America’s so-called “left behind” counties — the once-great manufacturing centers and other distressed places that struggled mightily at the start of this century — have staged a remarkable comeback. In the last three years, they added jobs and new businesses at their fastest pace since Bill Clinton was president.
The turnaround has shocked experts. “This is the kind of thing that we couldn’t have even dreamed about five or six years ago,” said John Lettieri, the president of the Economic Innovation Group, a think tank that studies economic distress in the U.S. His group is releasing a report today that details the recovery of left-behind counties.
Those counties span the nation but are largely concentrated in the Southeast and Midwest. In today’s newsletter, I’ll explain how they defied recent trends — including a particularly grim stretch under Donald Trump — to rebound so strongly from the pandemic recession. I’ll also show the one indicator that helps explain why voters there might not reward President Biden for the good news that has happened on his watch.
Out of the recession
The last two decades were economically cruel for the 1,000 or so left-behind counties in the U.S. — places like Bay County, Mich.; Dyer County, Tenn.; and Lackawanna County, Pa., home to Scranton, Biden’s birthplace. These counties added jobs and people far more slowly than the nation as a whole. Some lost factories to foreign competitors like China.

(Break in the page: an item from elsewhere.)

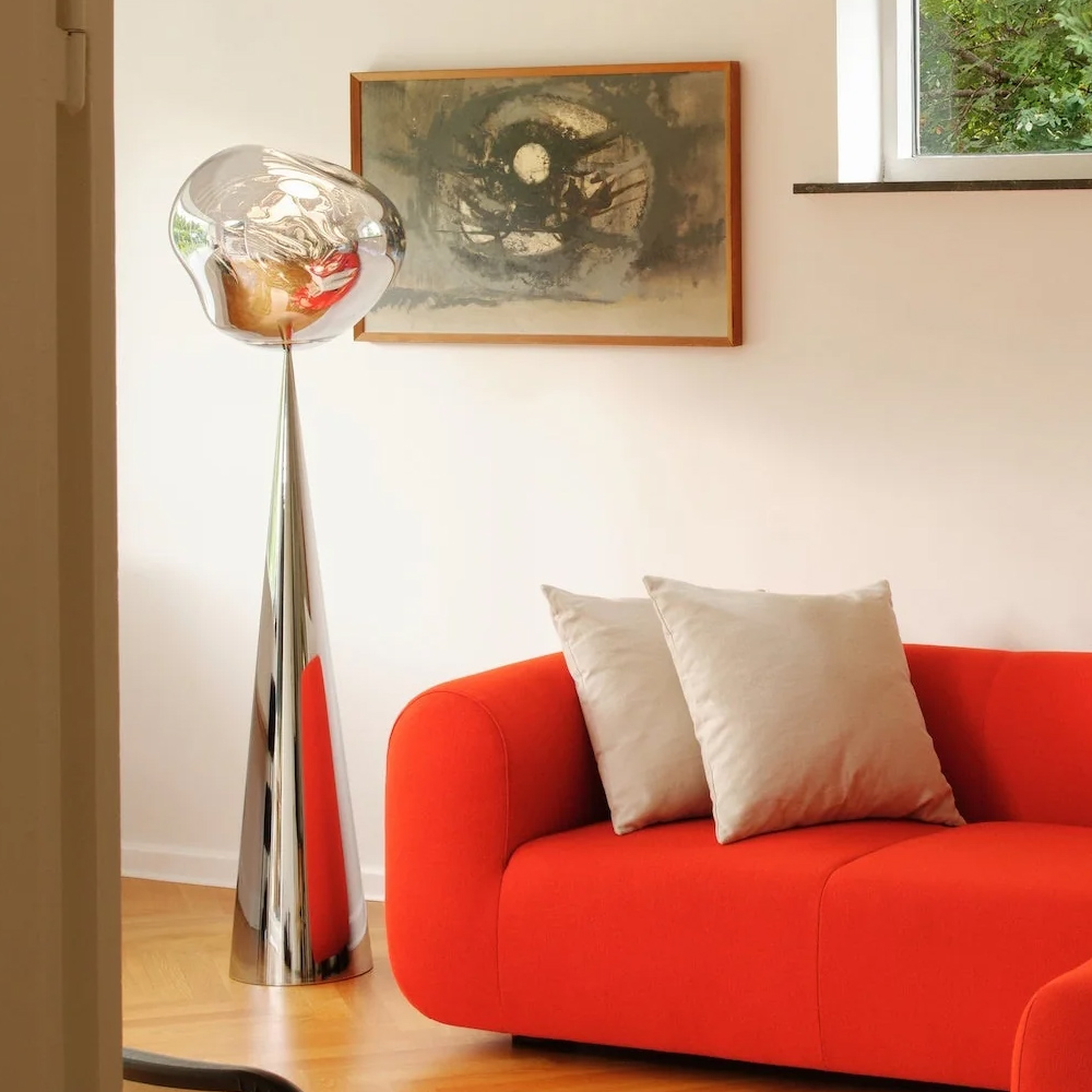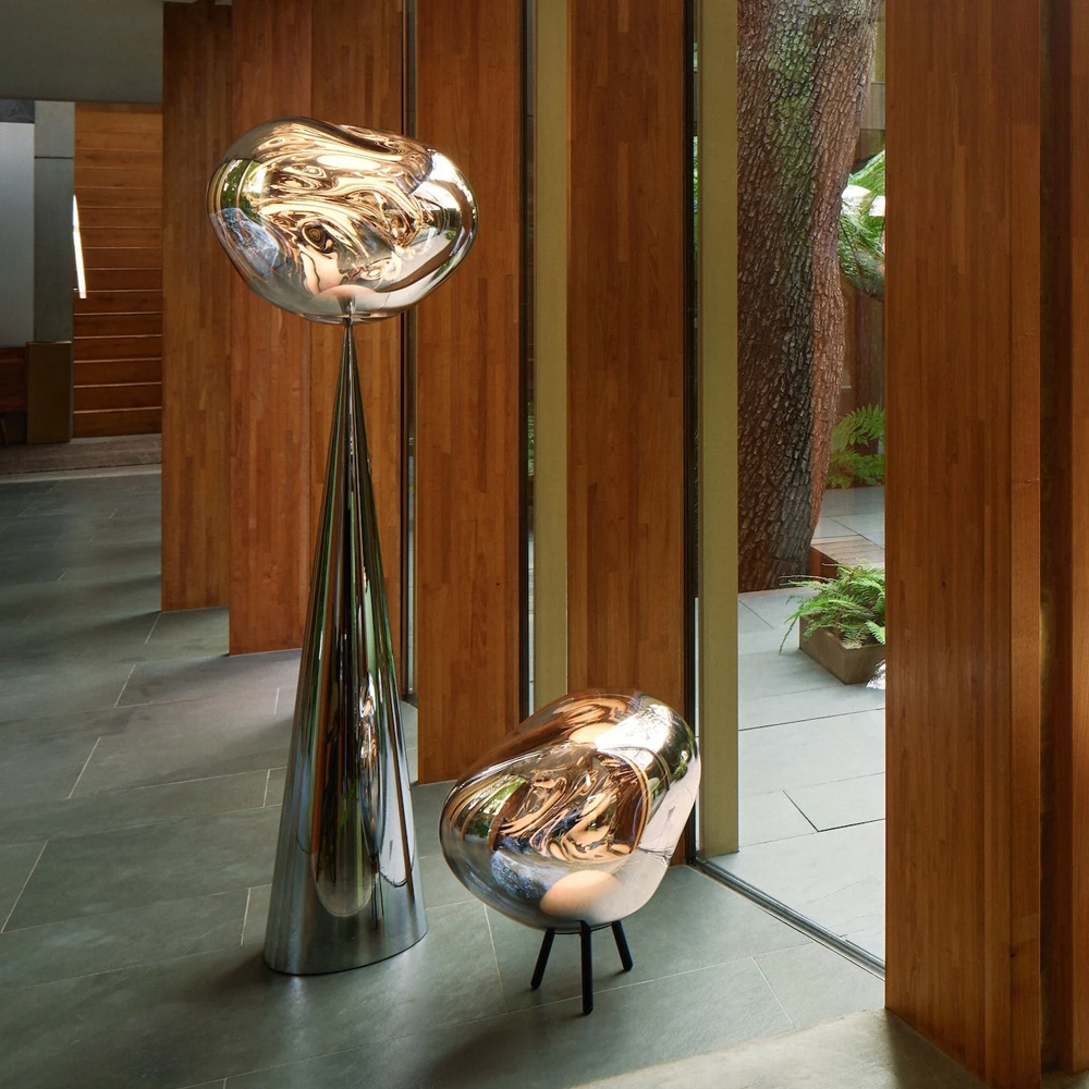 Melt 透過德國先驅高科技技術合作,以獨家吹塑和真空金屬化過程製作,關燈時表面呈現高反射鏡面效果,開燈後則呈現半透明,如同金屬泡泡般,透出內層迷人而神秘的熔岩視覺效果。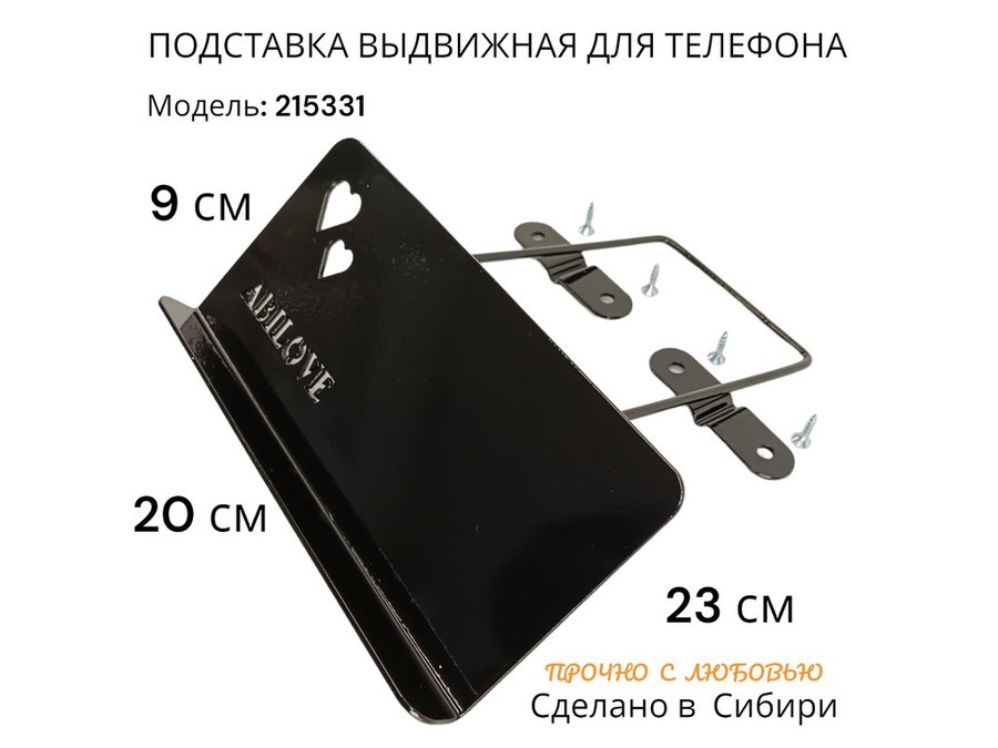Полка для телефона стальной прочный выдвижной держатель "ABILOVE 215331" черный 9х20х23см

Many lost residents, including educated young workers, as economic activity concentrated in big cities like New York and San Francisco.
In Dyersburg, Tenn. Whitten Sabbatini for The New York Times |
As a candidate in 2016, Trump promised to revitalize those areas. In his first three years in office, before the pandemic hit, the national economy was strong. Unemployment was low. Wages were rising. But left-behind counties saw few of those benefits.
In 2018, a colleague and I noted that left-behind counties that voted for Trump had not seen any net job gains the previous year. The new Economic Innovation Group analysis shows that, in terms of job growth, left-behind counties experienced three of their four worst years since the Great Recession on Trump’s watch.
The pandemic recession hit those counties harder than the rest of the country, just as the Great Recession did. But their recovery has been much stronger this time. Left-behind counties added jobs five times faster in the first three years of the Biden administration than they did in the first three years of the Trump administration. The flow of residents leaving them for better opportunities slowed.
Perhaps most strikingly, they have shared in a new-business boom that has swept the country since the pandemic. That didn’t happen after the Great Recession. From 2009 to 2016, for example, Bay County, Mich., lost 8 percent of its business establishments. Since 2020, it has gained 12 percent.
In Bay City, Mich., in March 2020. Alyssa Schukar for The New York Times |
The political fallout
Researchers say it’s too soon to know exactly what’s changed, but there are theories. The pandemic disrupted some long-running patterns of where Americans live and work; some people appear to have fled cities like New York for remote jobs — or for the chance to start a new company — in less expensive areas.
Under both Trump and Biden, the government lavished Americans with pandemic assistance, like direct checks for lower-income and middle-class workers and forgivable loans for business owners. Many people saved that money, and they may have used it to start businesses and create jobs in left-behind counties.
Whatever the explanation, though, Biden probably should not expect voters in those areas to reward him electorally. Many left-behind counties are solidly Republican, or have moved to the right since Trump first ran. And for all their job and business gains, left-behind counties were hurt by high inflation in the early Biden years. In 2021 and 2022, the typical household income in those counties fell, after adjusting for rising prices. Those price increases have left voters unhappy with Biden on the economy, no matter where they live.